WHAT YOU ARE ASKED TO DO: Without the pictures, copy all the entries below exactly.
───── RECORDS TO PROCESS ─────
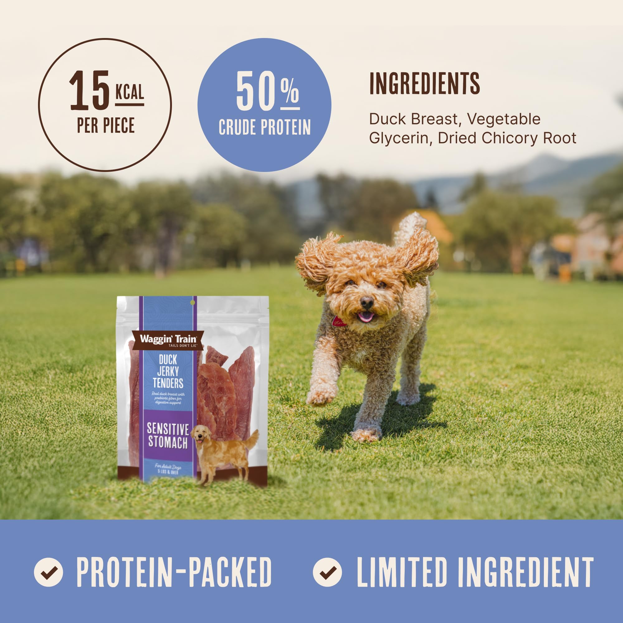 SIMPLE LIMITED INGREDIENTS: Your dog will be wagging their tail with joy when they taste Waggin' Train duck jerky dog treats! All of our dog jerky items are made with only real, simple ingredients and are perfect pet treats for any size adult dog
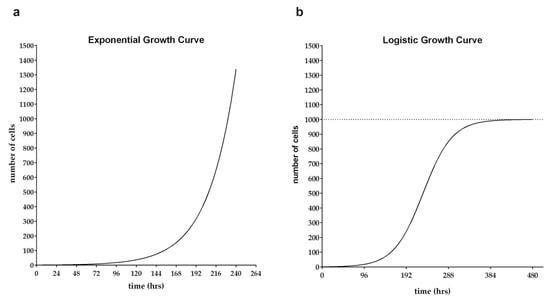 Models of the growth curves: (a) exponential growth curve; (b) logistic growth curve. (a) The exponential growth curve was modeled in GraphPad Prism 6 software (Dotmatics, Boston, MA, USA) using Plot a function analysis using the Exponential growth equation with the following parameters: P(0) = 1; k = 0.03 (k was derived from Equation (14) with the doubling time D equal to 24 h). (b) The logistic growth curve was modeled in GraphPad Prism 6 software (Dotmatics, Boston, MA, USA) using Plot a function analysis using the Logistic growth equation with the following parameters: P(0) = 1; k = 0.03 (k was derived from Equation (14) with the doubling time D equal to 24 h; K = 1000, where K is the maximum cell population).
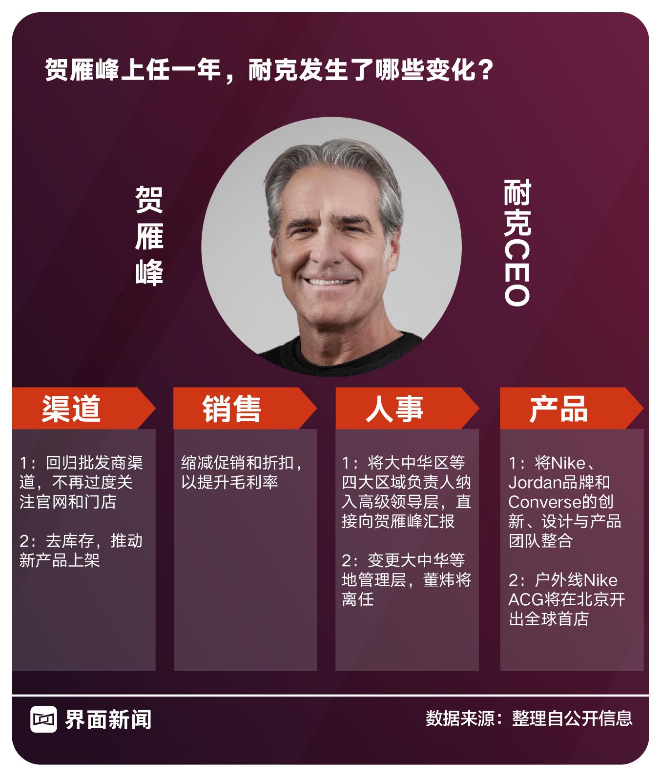 2024年10月,已到退休年龄的贺雁峰重返耐克。产品、渠道问题带来的业绩和股价下滑,让不少关注者忧心忡忡。许多人对贺雁峰寄予“救火”的厚望。
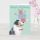 Herzlichen Glückwunsch zum Geburtstag mit diesem niedlichen Design mit einem lächelnden australischen Schäferhund, der einen Stapel Geburtstagsgeschenke auf seiner Nase ausbalanciert.Text kann leicht geändert werden; klicken Sie einfach auf Anpassungstaste.
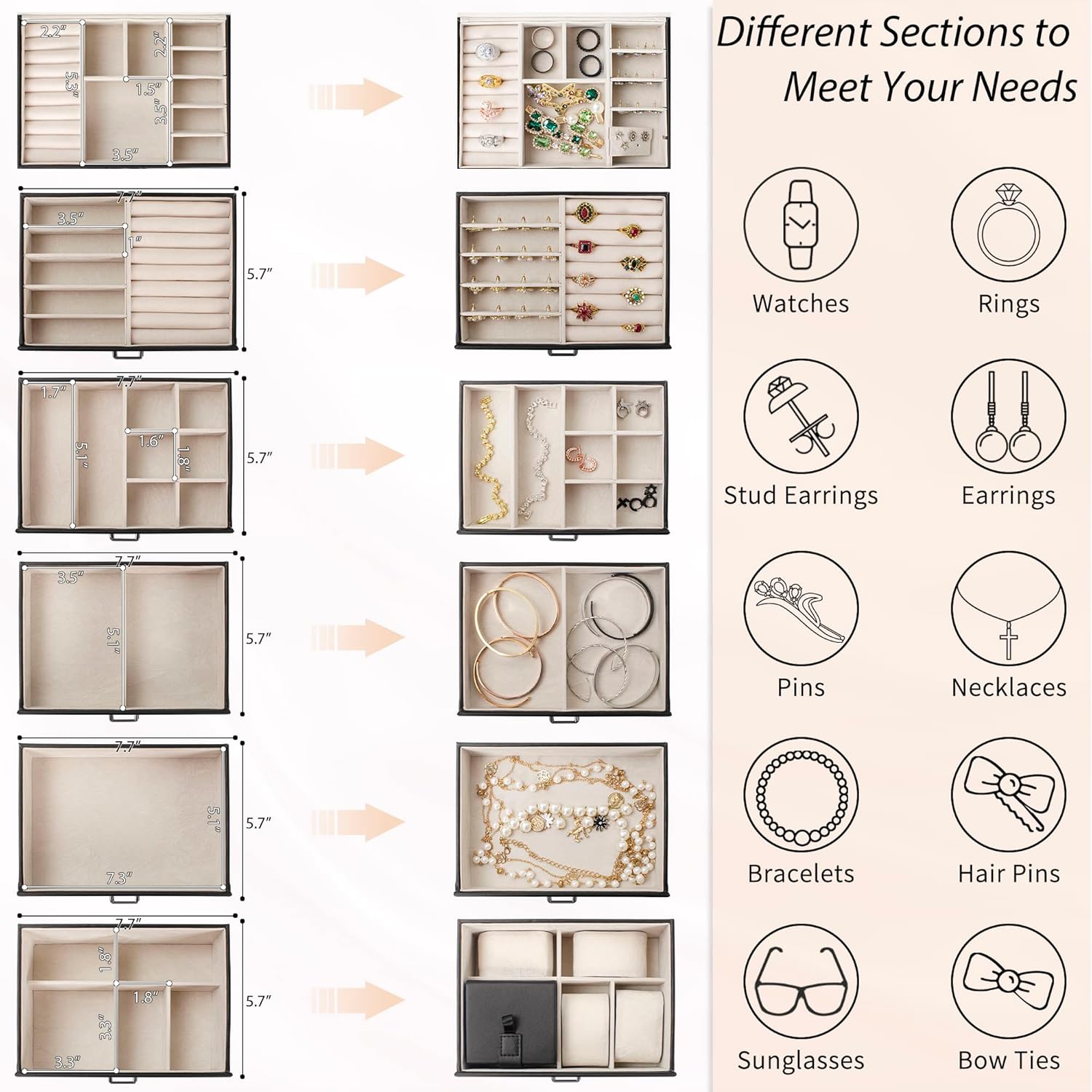 ELEGANT & DURABLE: Attractive appearance with black faux leather surface and soft velvet lining.large enough to hold your watches, necklaces, earrings, bracelets, hairpins, brooches and other jewelry.
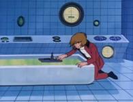 Celui-ci refuse et jette son verre sur l’hologramme pour le faire disparaître. De son côté, Nausica a trouvé la source de la projection. Il s’agit d’un petit vaisseau volant près de la coque de l’Atlantis. Albator ordonne alors sa destruction pour ne plus être importuné.
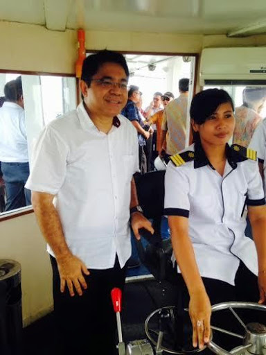 Wanita berparas manis ini sangat lihai dalam mengemudikan kapal pesiar yang kapasitas penumpangnya 30 Orang ini.
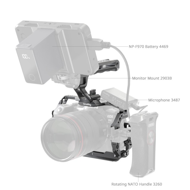 SmallRig Cage Kit za Canon EOS R6 Mark II 5197 dizajniran je za poboljšanje snimanja iz ruke, pružajući poboljšanu prenosivost i proširenje dodatne opreme. Komplet uključuje kavez, stezaljku za USB-C i HDMI kabel i udobnu gornju ručku za praktično nošenje fotoaparata i snimanje iz niskog kuta.
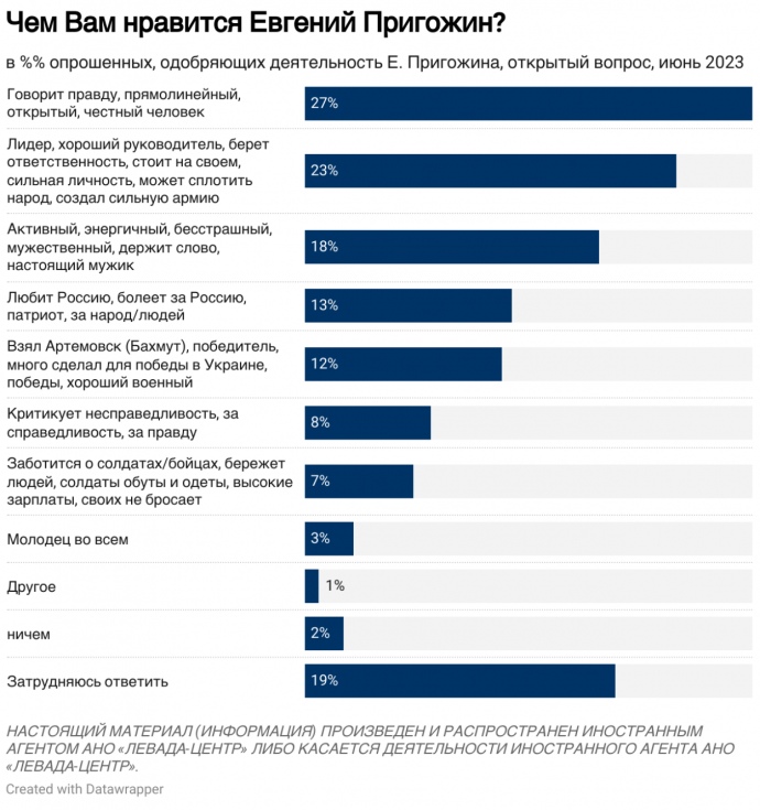 Серед характеристик Пригожина, які виділяють найчастіше, 27% опитаних називали його прямолінійність, відкритість і чесність; 23% відзначали його лідерські якості ("гарний керівник", "може згуртувати народ", "створив сильну армію"); 18% підкреслити його енергійність. Рідше його називали "патріотом", "хорошим військовим", ставили в заслугу взяття Бахмута.
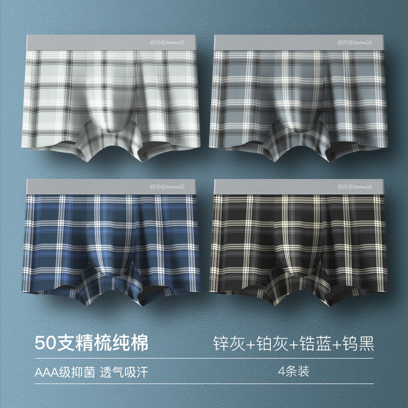 恒源祥纯棉内裤男士平角裤印花潮流四角青少年短裤头棉男生_845 185/3XL 【AAA级抗菌GL4888】钨黑+铂灰+锌灰+锆蓝
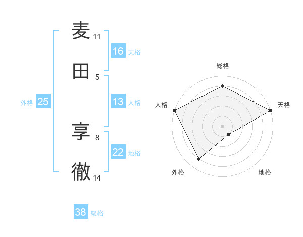 麦田 享徹さんを姓名の画数から五運を鑑定
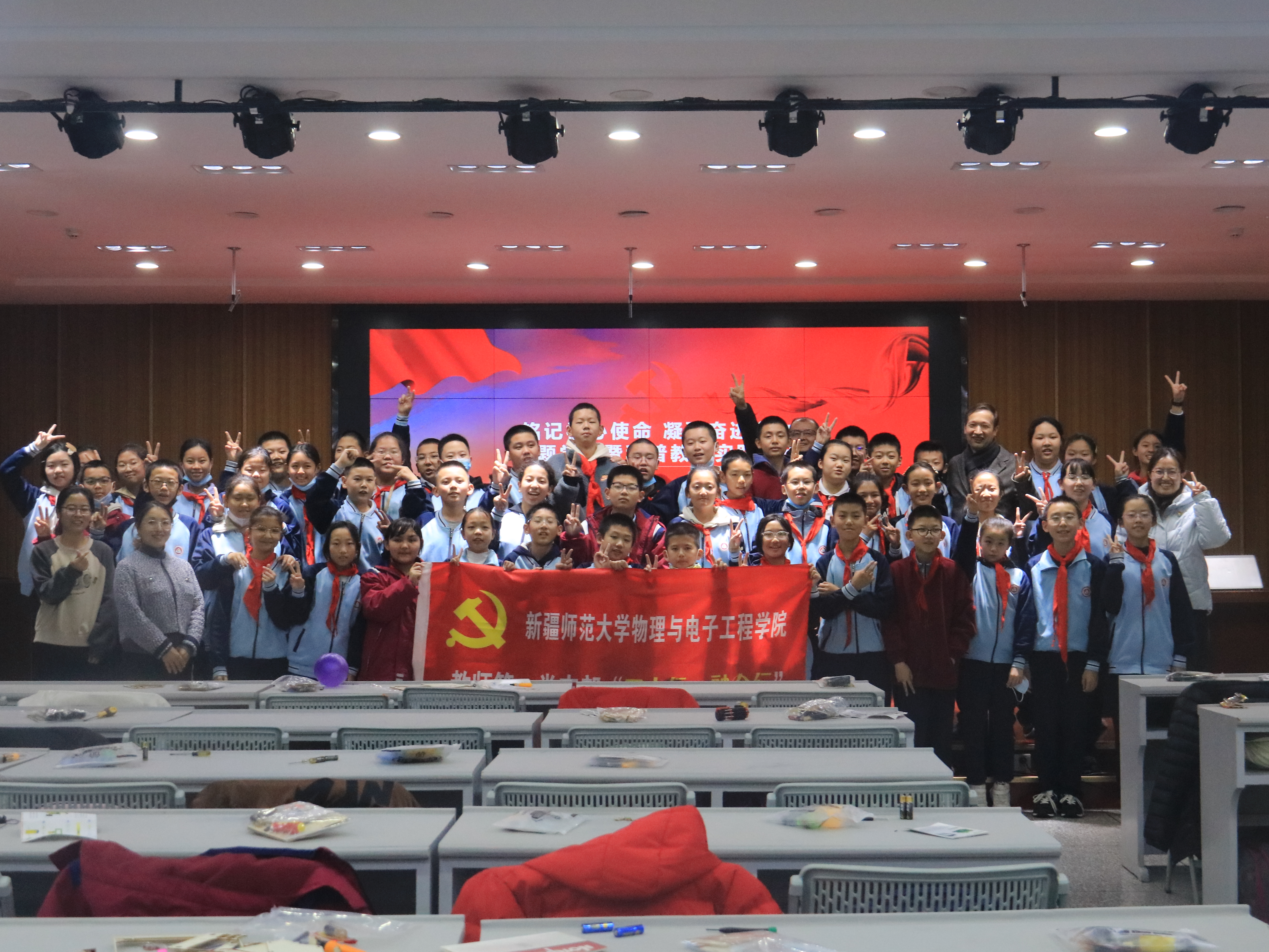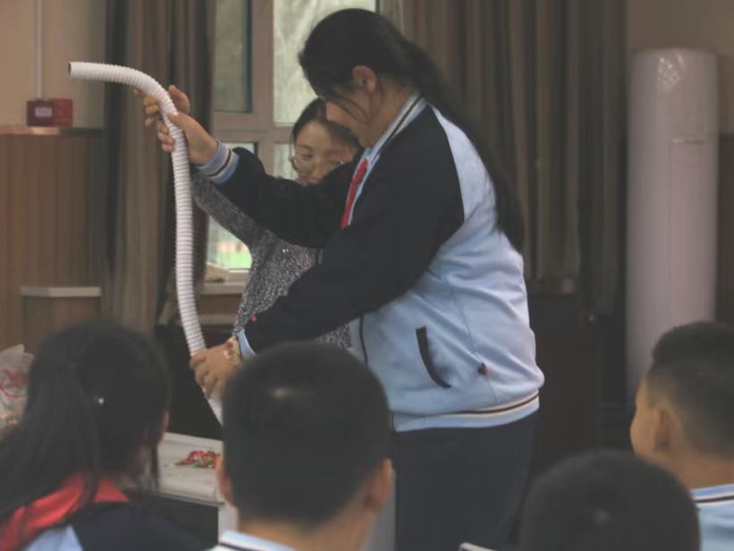 最后,教师第一党支部党员教师与六年级的孩子们共同完成了一系列生动有趣的科学小实验。学院实验中心主任邹艳波老师为孩子们演示“看不见的力”实验,并讲解其蕴含的物理原理。麦麦提依明老师和孩子们分享神奇摩擦起电实验,孩子兴高采烈,饶有兴趣的积极参与。学院还为每个孩子赠送科学实验套盒,鼓励孩子们能通过自己的巧手来完成属于自己的作品。
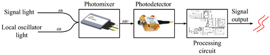 Photodetectors cannot directly obtain the frequency and phase information of light, but interference occurs when two beams of light overlap with each other. By detecting changes in interference intensity, the phase information of light can be inferred, and then the frequency information of that light can be obtained. Therefore, photodetectors utilize interference phenomena to obtain the phase and frequency information of light waves, in order to achieve coherent detection. In Figure 1, the principle diagram of coherent detection is shown. The signal light and local oscillator light are mixed in the optical mixer, and then the photodetector converts the optical signal into an electrical signal. After circuit processing, the required information is extracted [17].
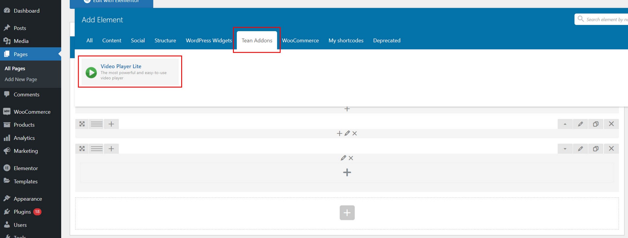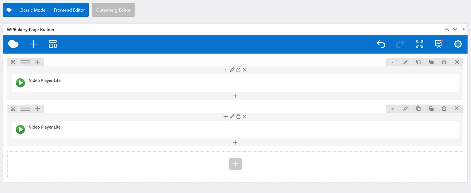In WPBakery page editor go to add new element and search for Video Player Lite.
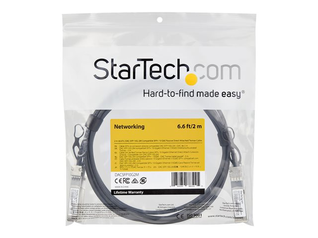 StarTech.com Cable Twinax a fixation directe SFP+ compatible Dell EMC DAC-SFP-10G-2M - 2m - 10 Gbps - Cable en cuivre passif (DACSFP10G2M) - Câble d'attache directe 10GBase - SFP+ (P) verrouillé pour SFP+ (P) verrouillé - 2 m - twinaxial - passif
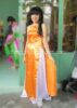 Áo dài cách điệu cổ yếm vải phi kim tuyến màu cam
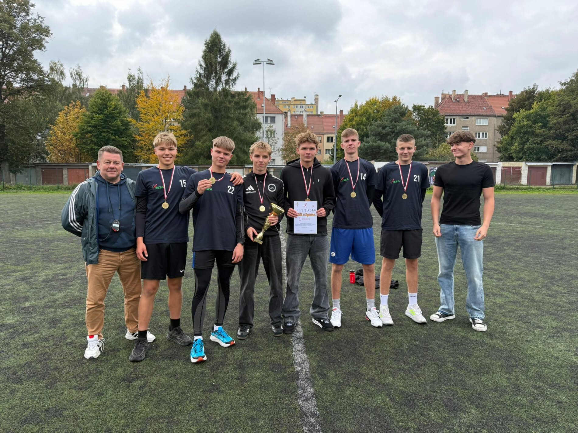 1 października na stadionie w Zgorzelcu odbyły się Finały Powiatowe w Sztafetowych Biegach Przełajowych w ramach Licealiady. Szkoły ponadpodstawowe startowały: dziewczęta na dystansach 6 x 1000m, a chłopcy na dystansach 6 x 1500m. Trasy jak na przełaje przypada, nie należały do najłatwiejszych. Wiodły po szutrze, trawie i twardej nawierzchni urozmaicone podbiegami i zbiegami. Nasze dziewczęta pomimo w dużej mierze rezerwowego składu wypadły znakomicie. No cóż, choroba nie wybiera mimo to Nasze „ślicznotki” pokazały pazur. Zajęły trzecie miejsce wśród szkół z całego Powiatu Zgorzeleckiego, gdzie na mecie tylko nieznacznie zostały wyprzedzone przez drugi zespół ze Szkoły – Cogito. Natomiast sztafeta chłopców z „Górnika” kolejny raz okazała się najlepszą. Wygrała zdecydowanie z ponad półkilometrową przewagą nad drugimi biegaczami z LO w Zgorzelcu. Nasze złotka z ZSZiL w Zgorzelcu wystartują w Finałach Wojewódzkich Sztafetowych Biegów Przełajowych, które odbędą się w Szklarskiej Porębie już 9 października. GRATULUJEMY!!! ŻYCZYMY POWODZENIA 🙂
─────
ANSWER SECTION:
 SIMPLE LIMITED INGREDIENTS: Your dog will be wagging their tail with joy when they taste Waggin' Train duck jerky dog treats! All of our dog jerky items are made with only real, simple ingredients and are perfect pet treats for any size adult dog
 Models of the growth curves: (a) exponential growth curve; (b) logistic growth curve. (a) The exponential growth curve was modeled in GraphPad Prism 6 software (Dotmatics, Boston, MA, USA) using Plot a function analysis using the Exponential growth equation with the following parameters: P(0) = 1; k = 0.03 (k was derived from Equation (14) with the doubling time D equal to 24 h). (b) The logistic growth curve was modeled in GraphPad Prism 6 software (Dotmatics, Boston, MA, USA) using Plot a function analysis using the Logistic growth equation with the following parameters: P(0) = 1; k = 0.03 (k was derived from Equation (14) with the doubling time D equal to 24 h; K = 1000, where K is the maximum cell population).
 2024年10月,已到退休年龄的贺雁峰重返耐克。产品、渠道问题带来的业绩和股价下滑,让不少关注者忧心忡忡。许多人对贺雁峰寄予“救火”的厚望。
 Herzlichen Glückwunsch zum Geburtstag mit diesem niedlichen Design mit einem lächelnden australischen Schäferhund, der einen Stapel Geburtstagsgeschenke auf seiner Nase ausbalanciert.Text kann leicht geändert werden; klicken Sie einfach auf Anpassungstaste.
 ELEGANT & DURABLE: Attractive appearance with black faux leather surface and soft velvet lining.large enough to hold your watches, necklaces, earrings, bracelets, hairpins, brooches and other jewelry.
 Celui-ci refuse et jette son verre sur l’hologramme pour le faire disparaître. De son côté, Nausica a trouvé la source de la projection. Il s’agit d’un petit vaisseau volant près de la coque de l’Atlantis. Albator ordonne alors sa destruction pour ne plus être importuné.
 Wanita berparas manis ini sangat lihai dalam mengemudikan kapal pesiar yang kapasitas penumpangnya 30 Orang ini.
 SmallRig Cage Kit za Canon EOS R6 Mark II 5197 dizajniran je za poboljšanje snimanja iz ruke, pružajući poboljšanu prenosivost i proširenje dodatne opreme. Komplet uključuje kavez, stezaljku za USB-C i HDMI kabel i udobnu gornju ručku za praktično nošenje fotoaparata i snimanje iz niskog kuta.
 Серед характеристик Пригожина, які виділяють найчастіше, 27% опитаних називали його прямолінійність, відкритість і чесність; 23% відзначали його лідерські якості ("гарний керівник", "може згуртувати народ", "створив сильну армію"); 18% підкреслити його енергійність. Рідше його називали "патріотом", "хорошим військовим", ставили в заслугу взяття Бахмута.
 恒源祥纯棉内裤男士平角裤印花潮流四角青少年短裤头棉男生_845 185/3XL 【AAA级抗菌GL4888】钨黑+铂灰+锌灰+锆蓝
 麦田 享徹さんを姓名の画数から五運を鑑定
 最后,教师第一党支部党员教师与六年级的孩子们共同完成了一系列生动有趣的科学小实验。学院实验中心主任邹艳波老师为孩子们演示“看不见的力”实验,并讲解其蕴含的物理原理。麦麦提依明老师和孩子们分享神奇摩擦起电实验,孩子兴高采烈,饶有兴趣的积极参与。学院还为每个孩子赠送科学实验套盒,鼓励孩子们能通过自己的巧手来完成属于自己的作品。
 Photodetectors cannot directly obtain the frequency and phase information of light, but interference occurs when two beams of light overlap with each other. By detecting changes in interference intensity, the phase information of light can be inferred, and then the frequency information of that light can be obtained. Therefore, photodetectors utilize interference phenomena to obtain the phase and frequency information of light waves, in order to achieve coherent detection. In Figure 1, the principle diagram of coherent detection is shown. The signal light and local oscillator light are mixed in the optical mixer, and then the photodetector converts the optical signal into an electrical signal. After circuit processing, the required information is extracted [17].
In WPBakery page editor go to add new element and search for Video Player Lite.
 StarTech.com Cable Twinax a fixation directe SFP+ compatible Dell EMC DAC-SFP-10G-2M - 2m - 10 Gbps - Cable en cuivre passif (DACSFP10G2M) - Câble d'attache directe 10GBase - SFP+ (P) verrouillé pour SFP+ (P) verrouillé - 2 m - twinaxial - passif
 Áo dài cách điệu cổ yếm vải phi kim tuyến màu cam
 1 października na stadionie w Zgorzelcu odbyły się Finały Powiatowe w Sztafetowych Biegach Przełajowych w ramach Licealiady. Szkoły ponadpodstawowe startowały: dziewczęta na dystansach 6 x 1000m, a chłopcy na dystansach 6 x 1500m. Trasy jak na przełaje przypada, nie należały do najłatwiejszych. Wiodły po szutrze, trawie i twardej nawierzchni urozmaicone podbiegami i zbiegami. Nasze dziewczęta pomimo w dużej mierze rezerwowego składu wypadły znakomicie. No cóż, choroba nie wybiera mimo to Nasze „ślicznotki” pokazały pazur. Zajęły trzecie miejsce wśród szkół z całego Powiatu Zgorzeleckiego, gdzie na mecie tylko nieznacznie zostały wyprzedzone przez drugi zespół ze Szkoły – Cogito. Natomiast sztafeta chłopców z „Górnika” kolejny raz okazała się najlepszą. Wygrała zdecydowanie z ponad półkilometrową przewagą nad drugimi biegaczami z LO w Zgorzelcu. Nasze złotka z ZSZiL w Zgorzelcu wystartują w Finałach Wojewódzkich Sztafetowych Biegów Przełajowych, które odbędą się w Szklarskiej Porębie już 9 października. GRATULUJEMY!!! ŻYCZYMY POWODZENIA 🙂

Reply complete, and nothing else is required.